*** Block opens ***
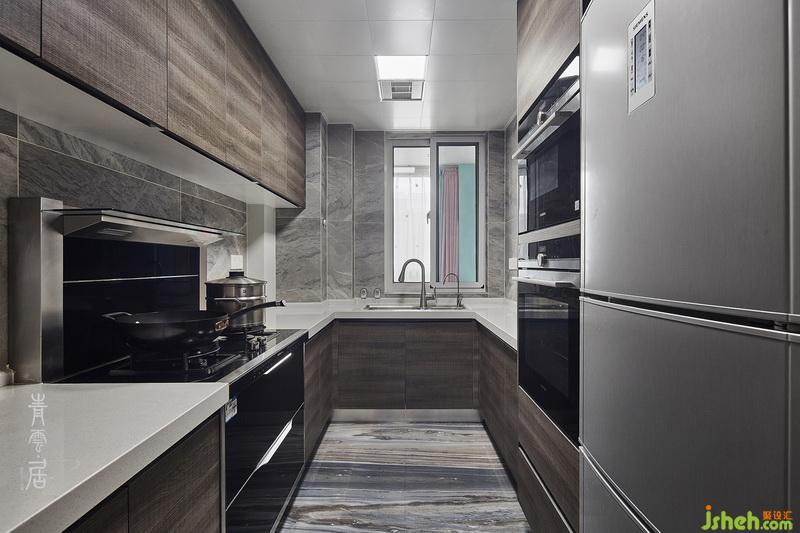 ▲顏色粗獷的木紋櫥柜與純白石英石臺面形成鮮明的對比,將右側(cè)墻面敲掉借用兒童房擴(kuò)大廚房面積,儲物量豐富的櫥柜解決了各種物品的收納功能。
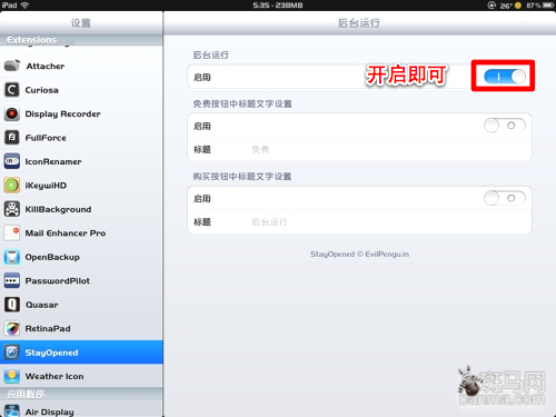 然后进入桌面上的设置,找到StayOpened;开启后台运行即可!
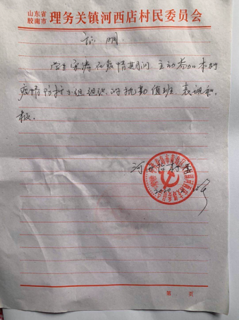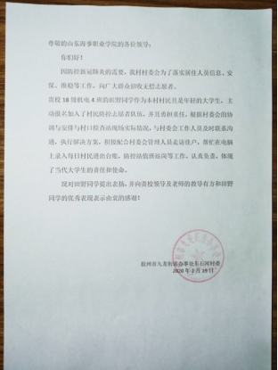 18级机电4班田野同学家住山东省胶州市九龙街道办事处东石河村,疫情期间主动报名加入了村民防控志愿者队伍,并且勇担重任,根据村委会的协调和安排,与村委会工作人员及时联系沟通执行解决方案,积极配合村委会管理人员走访住户,他还需每日在电脑上录入村民进出台账,同时做好防控站值班站岗的工作。
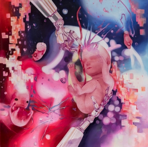 在繪畫作品裡的各類動物和日常符號則有著不同象征:蛇、鶴與老虎分別象徵慾望、忠誠與背叛;吸煙、飲酒、約會與養寵物則凸顯著人類慾望的商品化。王韞琛透過哺乳、分娩與生殖器官等意象的交織,構建出一個融合有機與人造物的敘事,模糊了幻想與夢魘之間的界線。
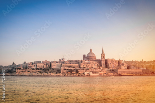 © Mirko Vitali, Fototapeta premium La Valletta at sunset from the sea - Capital of Malta
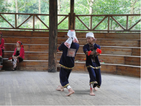必背口瑤族新村村民跳著瑤族舞蹈(王鐵志攝)
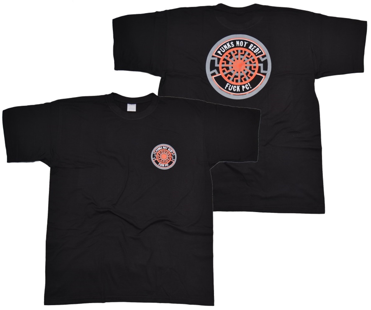 T-Shirt mit kleinem Motiv-Druck auf linker Brust, großer Motiv-Druck auf dem Rücken: - Punks Not Red! Fuck PC! -
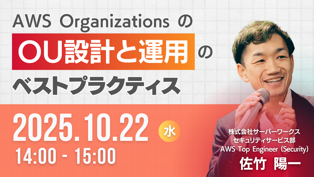 | 14:05-14:50 | AWS Organizations の OU 設計と運用の ベストプラクティス <登壇者> 株式会社サーバーワークス セキュリティサービス部 AWS Top Engineer (Security) 佐竹 陽一 |
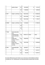 2 großes Cluster 201 26.300,00 12 2.191,67 3 201 13.850,00 2 6.925,00 4 5 FHP Cluster- und Einzel 201 150.372,00 6 25.062,00 2 201 153.319,00 13 11.793,77 3 201 153.319,00 13 11.793,77 4 6 HNEE Cluster- und Einzel 201 21.664,00 1 21.664,00 2 201 3 201 4 7 THWi Systemakkreditie- rung Vorbereitung der 201 145.021,13 Keine keine Systemakkreditie- 2 rung Aufbau Sys- 201 85.997,00 5 17.199,40 temakkr. mit inter- 3 ner Akkr. Aufbau Sys- 201 95.273,00 5 19.054,60 temakkr. mit inter- 4 ner Akkr. 8 FHB Clusterakkreditie- 201 80.935,77 5 16.187,15 rung 2 201 104.375 7 14.910,71 3 201 104.375 7 14.910,71 4 Die starke Differenzierung der Kosten ist zum einen den unterschiedlichen Akkredi- tierungsformen inkl. Aufbauphasen der Systemakkreditierung geschuldet (Einzelak-
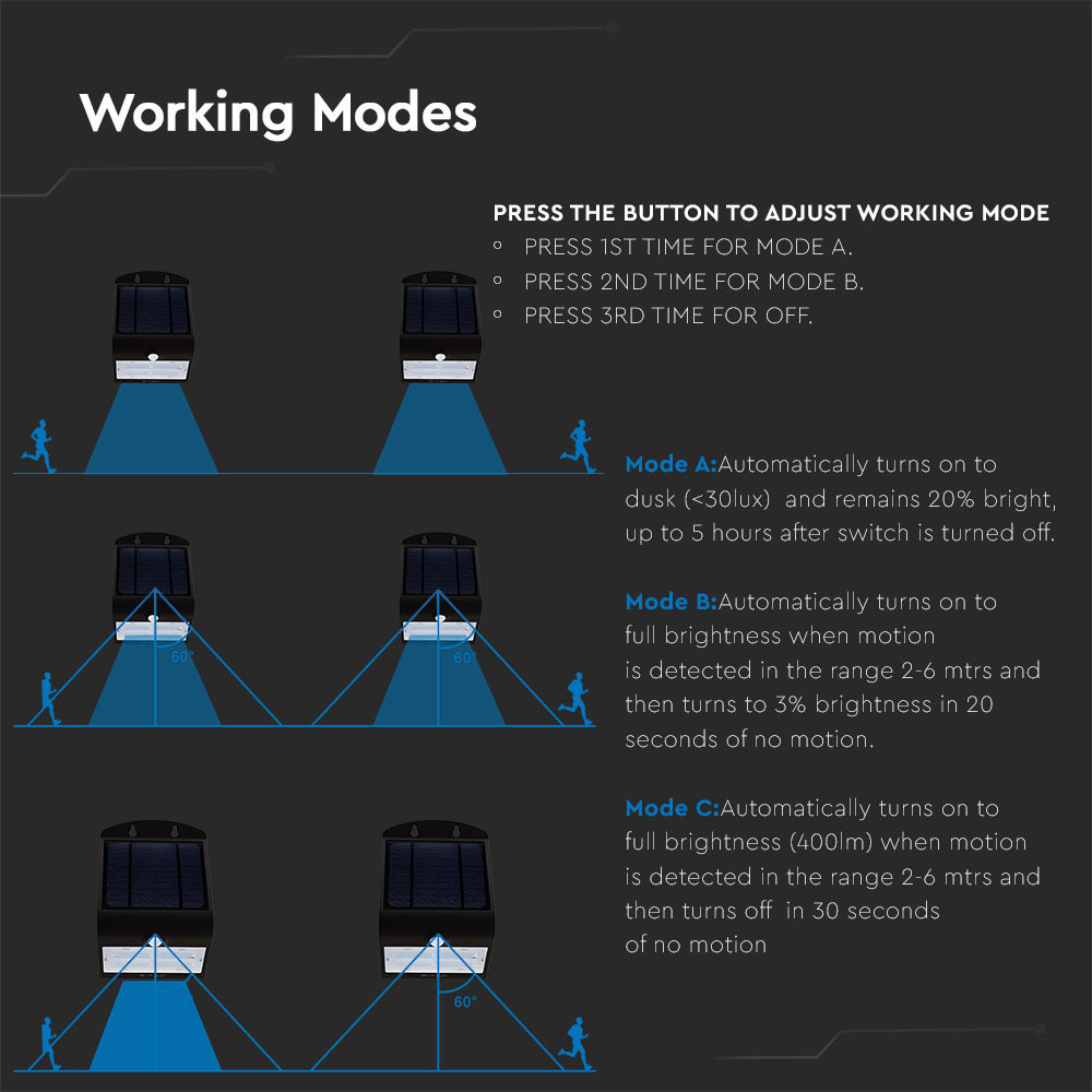 Bemutatjuk a VT-768 3W-os LED-es napelemes fali lámpát, amelyet kültéri tereinek hatékony megvilágítására terveztek. Ez a karcsú fali lámpa 4000K (nappali fehér) és 3000K (meleg fehér) kettős színhőmérséklettel rendelkezik, így tökéletes hangulatot teremt bármilyen környezetben. 33 lumenes nagy fényerejével és lenyűgöző 60°-os sugárzási szögével széleskörű megvilágítást biztosít. Tartós ABS és PC anyagokból készült, a VT-768 IP65 besorolással rendelkezik, így ellenáll a zord időjárási körülményeknek. Hosszú, 20 000 órás élettartammal rendelkezik, így megbízható választás világítási igényeihez. A beépített napelem 6-7 órán belül feltölti a beépített 3,7 V-os, 2000 mAh-s lítium-ion akkumulátort, így optimális körülmények között akár 24 órás megvilágítást biztosít. PIR-érzékelővel és 2-6 méteres érzékelési tartománnyal felszerelt, ez a lámpa akár 6-7 méteres mozgásra is aktiválódik, így biztosítva a biztonságot és a kényelmet. A VT-768 könnyen telepíthető és zökkenőmentesen működik -25°C és +50°C között. A 2 év garanciával és az energiahatékonyság iránti elkötelezettséggel a VT-768 napelemes fali lámpa ideális választás azoknak a háztulajdonosoknak, akik szeretnék kültéri területeiket megvilágítani, miközben minimalizálják az energiaköltségeket.
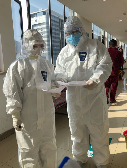 隨后春運返鄉(xiāng)潮高峰很快到來,醫(yī)院發(fā)熱患者開始突增,收住病人持續(xù)增加,按照院領(lǐng)導(dǎo)指示,感染科立即開始調(diào)整床位,調(diào)整醫(yī)生班次,收治發(fā)熱患者,加強防護調(diào)配。黃主任全程參與,每天忙得昏天暗地。尤其是隨著縣中醫(yī)院隔離病區(qū)的展開,感染科主任和另外一位醫(yī)生被派到中醫(yī)院支援,人民醫(yī)院感染科所有的擔(dān)子基本上就全壓在他身上了。每天要下好幾次病房,查看所有患者的診治情況,了解病情變化、做流行病學(xué)調(diào)查、采集患者信息、上報疫情、參與會診......每天工作電話上百計,吃住都在科室,連醫(yī)院集中隔離的宿舍都很少回去,更別說顧及家人了。在連續(xù)奮戰(zhàn)了半個月后,他才第一次接到了八十多歲的老父親打來的電話,頓時鼻子一酸眼眶泛淚,原來父母在家里用的是每天洗了重復(fù)使用的口罩。
*** Block closes ***
What you should do: The aim is an exact repeat of the entire listing, stripped of pictures.

Response:
 ▲顏色粗獷的木紋櫥柜與純白石英石臺面形成鮮明的對比,將右側(cè)墻面敲掉借用兒童房擴(kuò)大廚房面積,儲物量豐富的櫥柜解決了各種物品的收納功能。
 然后进入桌面上的设置,找到StayOpened;开启后台运行即可!
 18级机电4班田野同学家住山东省胶州市九龙街道办事处东石河村,疫情期间主动报名加入了村民防控志愿者队伍,并且勇担重任,根据村委会的协调和安排,与村委会工作人员及时联系沟通执行解决方案,积极配合村委会管理人员走访住户,他还需每日在电脑上录入村民进出台账,同时做好防控站值班站岗的工作。
 在繪畫作品裡的各類動物和日常符號則有著不同象征:蛇、鶴與老虎分別象徵慾望、忠誠與背叛;吸煙、飲酒、約會與養寵物則凸顯著人類慾望的商品化。王韞琛透過哺乳、分娩與生殖器官等意象的交織,構建出一個融合有機與人造物的敘事,模糊了幻想與夢魘之間的界線。
 © Mirko Vitali, Fototapeta premium La Valletta at sunset from the sea - Capital of Malta
必背口瑤族新村村民跳著瑤族舞蹈(王鐵志攝)
 T-Shirt mit kleinem Motiv-Druck auf linker Brust, großer Motiv-Druck auf dem Rücken: - Punks Not Red! Fuck PC! -
 | 14:05-14:50 | AWS Organizations の OU 設計と運用の ベストプラクティス <登壇者> 株式会社サーバーワークス セキュリティサービス部 AWS Top Engineer (Security) 佐竹 陽一 |
 2 großes Cluster 201 26.300,00 12 2.191,67 3 201 13.850,00 2 6.925,00 4 5 FHP Cluster- und Einzel 201 150.372,00 6 25.062,00 2 201 153.319,00 13 11.793,77 3 201 153.319,00 13 11.793,77 4 6 HNEE Cluster- und Einzel 201 21.664,00 1 21.664,00 2 201 3 201 4 7 THWi Systemakkreditie- rung Vorbereitung der 201 145.021,13 Keine keine Systemakkreditie- 2 rung Aufbau Sys- 201 85.997,00 5 17.199,40 temakkr. mit inter- 3 ner Akkr. Aufbau Sys- 201 95.273,00 5 19.054,60 temakkr. mit inter- 4 ner Akkr. 8 FHB Clusterakkreditie- 201 80.935,77 5 16.187,15 rung 2 201 104.375 7 14.910,71 3 201 104.375 7 14.910,71 4 Die starke Differenzierung der Kosten ist zum einen den unterschiedlichen Akkredi- tierungsformen inkl. Aufbauphasen der Systemakkreditierung geschuldet (Einzelak-
 Bemutatjuk a VT-768 3W-os LED-es napelemes fali lámpát, amelyet kültéri tereinek hatékony megvilágítására terveztek. Ez a karcsú fali lámpa 4000K (nappali fehér) és 3000K (meleg fehér) kettős színhőmérséklettel rendelkezik, így tökéletes hangulatot teremt bármilyen környezetben. 33 lumenes nagy fényerejével és lenyűgöző 60°-os sugárzási szögével széleskörű megvilágítást biztosít. Tartós ABS és PC anyagokból készült, a VT-768 IP65 besorolással rendelkezik, így ellenáll a zord időjárási körülményeknek. Hosszú, 20 000 órás élettartammal rendelkezik, így megbízható választás világítási igényeihez. A beépített napelem 6-7 órán belül feltölti a beépített 3,7 V-os, 2000 mAh-s lítium-ion akkumulátort, így optimális körülmények között akár 24 órás megvilágítást biztosít. PIR-érzékelővel és 2-6 méteres érzékelési tartománnyal felszerelt, ez a lámpa akár 6-7 méteres mozgásra is aktiválódik, így biztosítva a biztonságot és a kényelmet. A VT-768 könnyen telepíthető és zökkenőmentesen működik -25°C és +50°C között. A 2 év garanciával és az energiahatékonyság iránti elkötelezettséggel a VT-768 napelemes fali lámpa ideális választás azoknak a háztulajdonosoknak, akik szeretnék kültéri területeiket megvilágítani, miközben minimalizálják az energiaköltségeket.
 隨后春運返鄉(xiāng)潮高峰很快到來,醫(yī)院發(fā)熱患者開始突增,收住病人持續(xù)增加,按照院領(lǐng)導(dǎo)指示,感染科立即開始調(diào)整床位,調(diào)整醫(yī)生班次,收治發(fā)熱患者,加強防護調(diào)配。黃主任全程參與,每天忙得昏天暗地。尤其是隨著縣中醫(yī)院隔離病區(qū)的展開,感染科主任和另外一位醫(yī)生被派到中醫(yī)院支援,人民醫(yī)院感染科所有的擔(dān)子基本上就全壓在他身上了。每天要下好幾次病房,查看所有患者的診治情況,了解病情變化、做流行病學(xué)調(diào)查、采集患者信息、上報疫情、參與會診......每天工作電話上百計,吃住都在科室,連醫(yī)院集中隔離的宿舍都很少回去,更別說顧及家人了。在連續(xù)奮戰(zhàn)了半個月后,他才第一次接到了八十多歲的老父親打來的電話,頓時鼻子一酸眼眶泛淚,原來父母在家里用的是每天洗了重復(fù)使用的口罩。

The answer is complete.